If there is a gain this would be subject to CGT in the UK.  

CGT vs trading activity

While gains realised on cryptoassets are normally liable to CGT, there are situations where the activity of buying and selling cryptoassets may be considered by HMRC to be sophisticated, frequent, and organised enough to be considered a trading activity.

While HMRC acknowledges this possibility in its guidance, there is no exact methodology given.

Normally, when deciding whether an individual buying or selling assets is undertaking a trading activity liable to income tax, there are so-called ‘badges of trade’ that have been considered in the courts to indicate a trade.

HMRC states that trading in cryptoasset is likely to be 'outside the norm' (Image credit: Pixabay)

HMRC states that trading in cryptoassets is likely to be 'outside the norm' (Image credit: Pixabay)

The use of the word ‘trade’ here must not be confused with the simple act of buying and selling itself. Trade denotes a level of activity which is such that it amounts to a business activity rather than a speculative investment.

For example, it is possible for an individual to acquire (or develop) a cryptoasset algorithm that buys and sells cryptoassets many times a day with a level of sophistication that means this is their primary source of income.
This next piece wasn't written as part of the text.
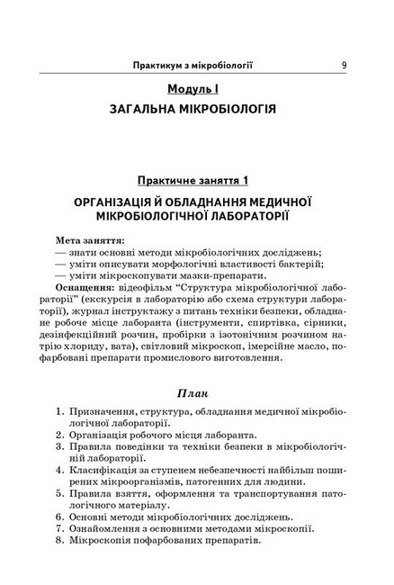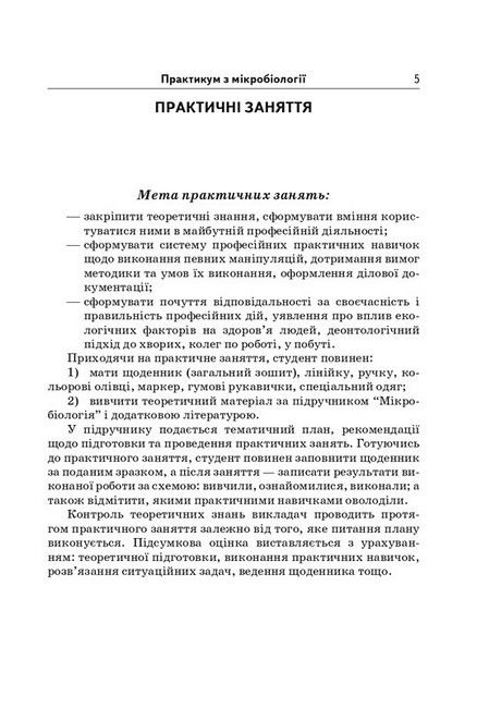 У практикумі описані алгоритми виконання професійних практичних навичок з мікробіології, тести, ситуаційні задачі, надано рекомендації щодо проведення модульного контролю знань, умінь і практичних навичок студентів з цього предмету. Для студентів медичних (фармацевтичних) коледжів, училищ, академії та інститутів медсестринства.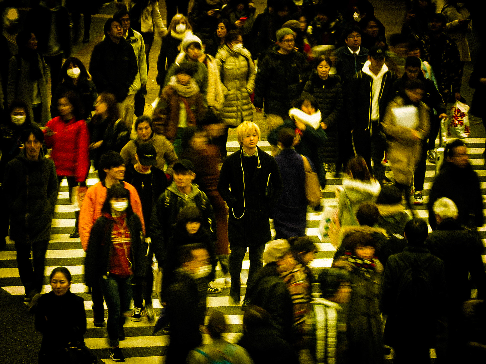 En el centro de la escena, un joven pasa por el cruce de Shibuya, en Tokio, Japón.

The expectation is that this will be considered by HMRC to be a trading activity. 

HMRC states that trading in cryptoasset is likely to be "outside the norm". This means that it remains an area where there is significant uncertainty whether these trades are investments liable to CGT or trading liable to income tax.

With the existing differential between tax rates and the rules on how both types of activity are taxed, it could be a tax trap for the unwary, who may think it is nothing more than a hobby with potential lucrative gains.